[Data items]
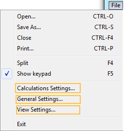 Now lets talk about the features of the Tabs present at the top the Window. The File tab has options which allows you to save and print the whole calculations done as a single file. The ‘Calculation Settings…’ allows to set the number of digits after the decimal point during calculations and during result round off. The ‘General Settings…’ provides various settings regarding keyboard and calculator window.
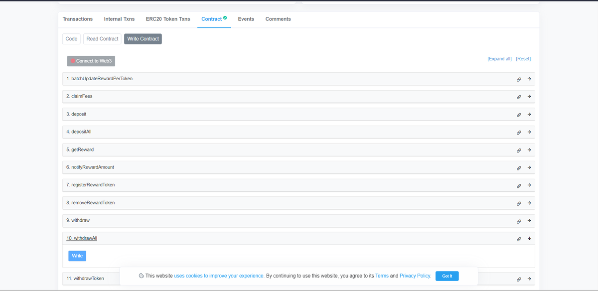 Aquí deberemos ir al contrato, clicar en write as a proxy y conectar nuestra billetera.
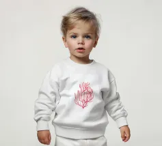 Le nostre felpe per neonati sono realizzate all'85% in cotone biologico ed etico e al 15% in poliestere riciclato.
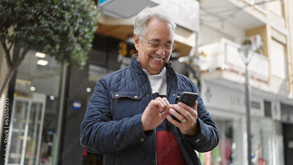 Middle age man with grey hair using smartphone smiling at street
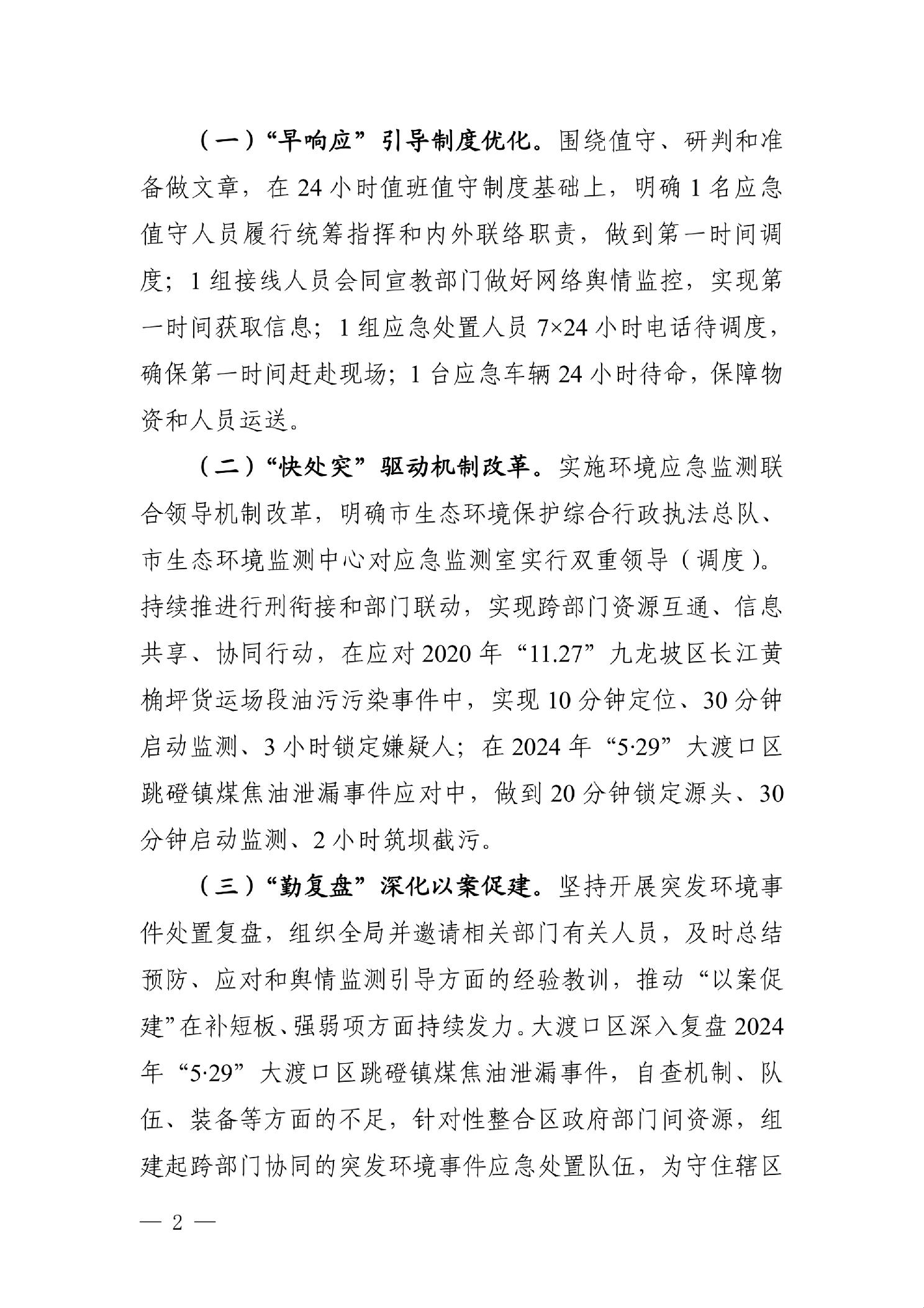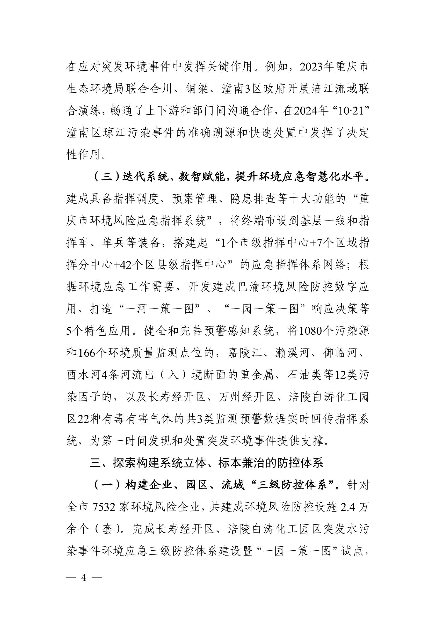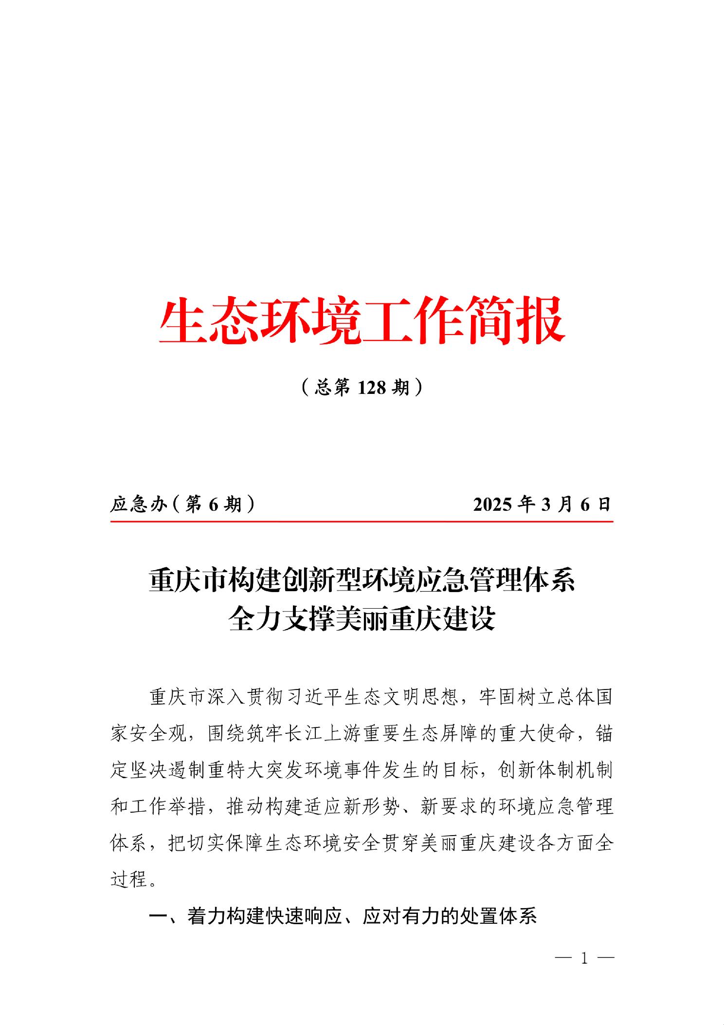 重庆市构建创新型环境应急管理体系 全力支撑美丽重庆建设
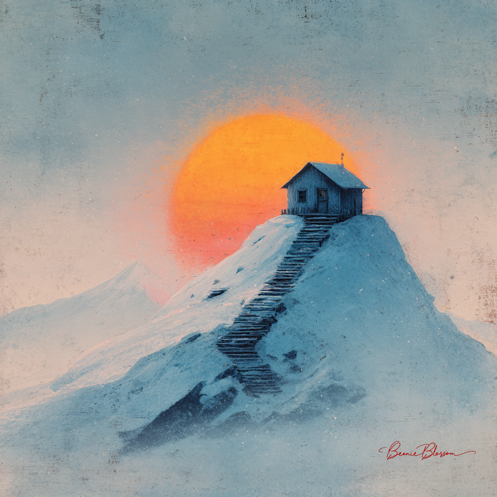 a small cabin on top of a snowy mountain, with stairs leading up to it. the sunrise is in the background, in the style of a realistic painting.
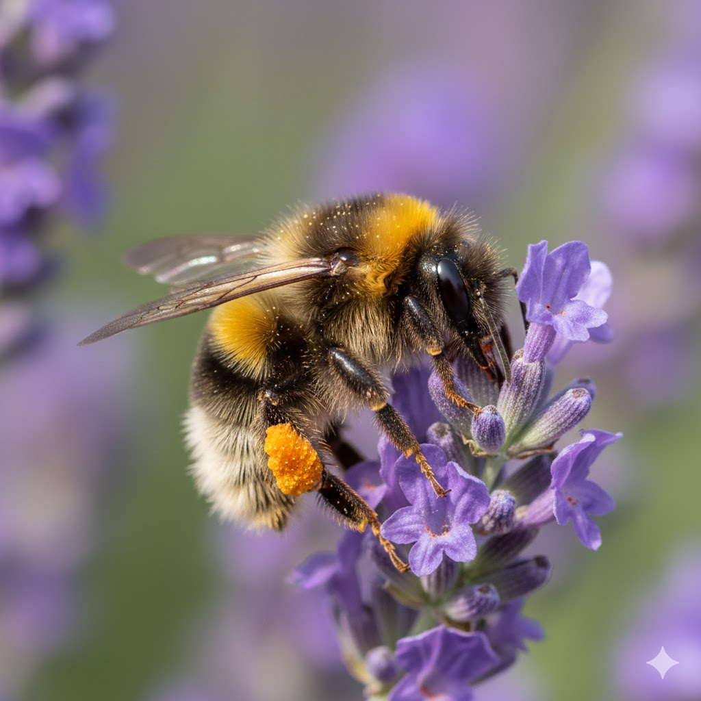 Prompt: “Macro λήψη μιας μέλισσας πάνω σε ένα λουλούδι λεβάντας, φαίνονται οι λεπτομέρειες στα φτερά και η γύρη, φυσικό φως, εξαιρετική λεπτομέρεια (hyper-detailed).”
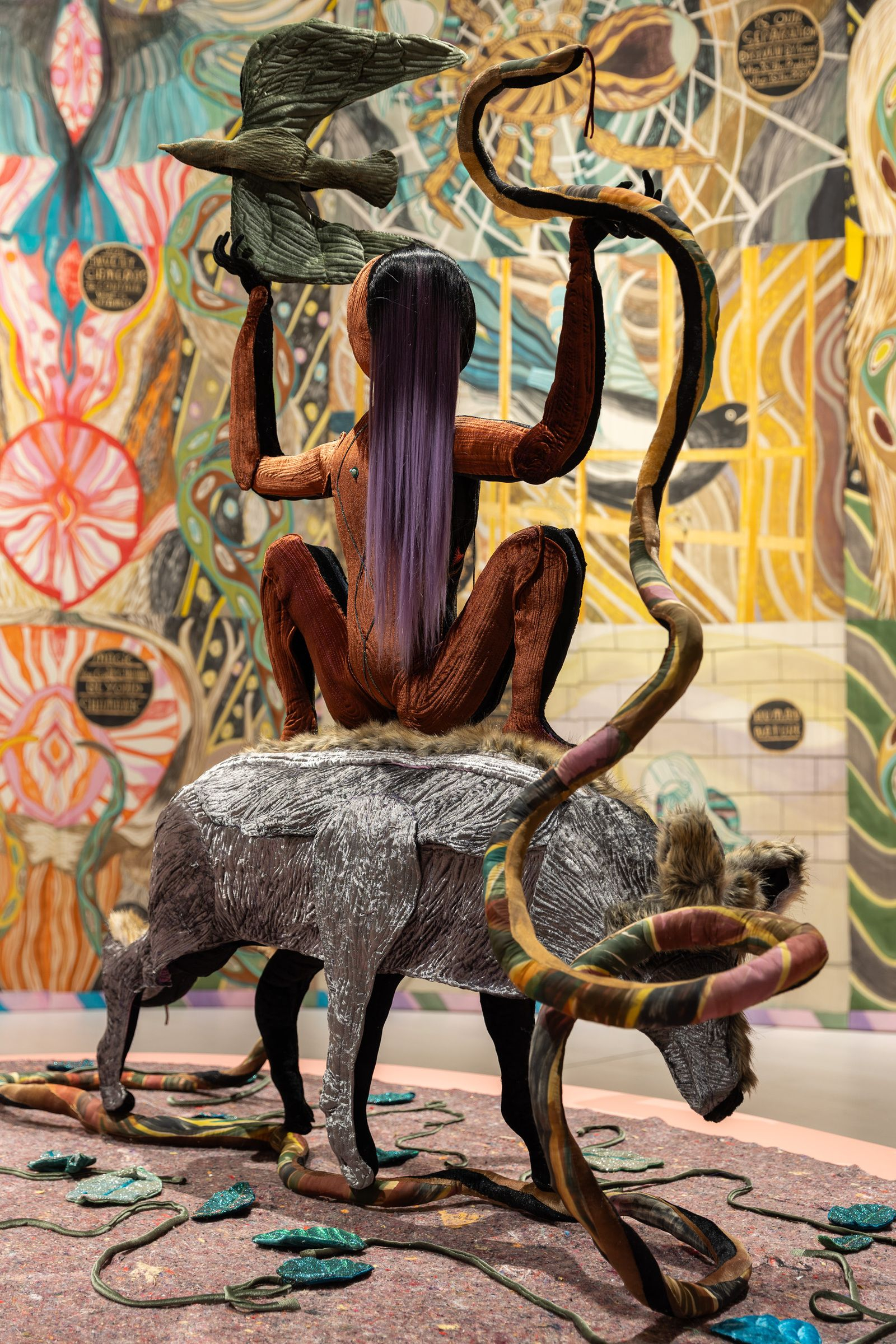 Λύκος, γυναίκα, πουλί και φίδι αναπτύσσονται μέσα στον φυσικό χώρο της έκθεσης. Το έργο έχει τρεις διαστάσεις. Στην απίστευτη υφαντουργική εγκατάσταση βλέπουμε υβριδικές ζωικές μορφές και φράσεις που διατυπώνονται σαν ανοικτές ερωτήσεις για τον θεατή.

### AIM OF THE EXERCISE
Copy out every entry above exactly. Leave the pictures out.

### SOLUTION FOR THIS PROBLEM
 Now lets talk about the features of the Tabs present at the top the Window. The File tab has options which allows you to save and print the whole calculations done as a single file. The ‘Calculation Settings…’ allows to set the number of digits after the decimal point during calculations and during result round off. The ‘General Settings…’ provides various settings regarding keyboard and calculator window.
 Aquí deberemos ir al contrato, clicar en write as a proxy y conectar nuestra billetera.
 Le nostre felpe per neonati sono realizzate all'85% in cotone biologico ed etico e al 15% in poliestere riciclato.
 Middle age man with grey hair using smartphone smiling at street
 重庆市构建创新型环境应急管理体系 全力支撑美丽重庆建设
 a small cabin on top of a snowy mountain, with stairs leading up to it. the sunrise is in the background, in the style of a realistic painting.
 Prompt: “Macro λήψη μιας μέλισσας πάνω σε ένα λουλούδι λεβάντας, φαίνονται οι λεπτομέρειες στα φτερά και η γύρη, φυσικό φως, εξαιρετική λεπτομέρεια (hyper-detailed).”
 Λύκος, γυναίκα, πουλί και φίδι αναπτύσσονται μέσα στον φυσικό χώρο της έκθεσης. Το έργο έχει τρεις διαστάσεις. Στην απίστευτη υφαντουργική εγκατάσταση βλέπουμε υβριδικές ζωικές μορφές και φράσεις που διατυπώνονται σαν ανοικτές ερωτήσεις για τον θεατή.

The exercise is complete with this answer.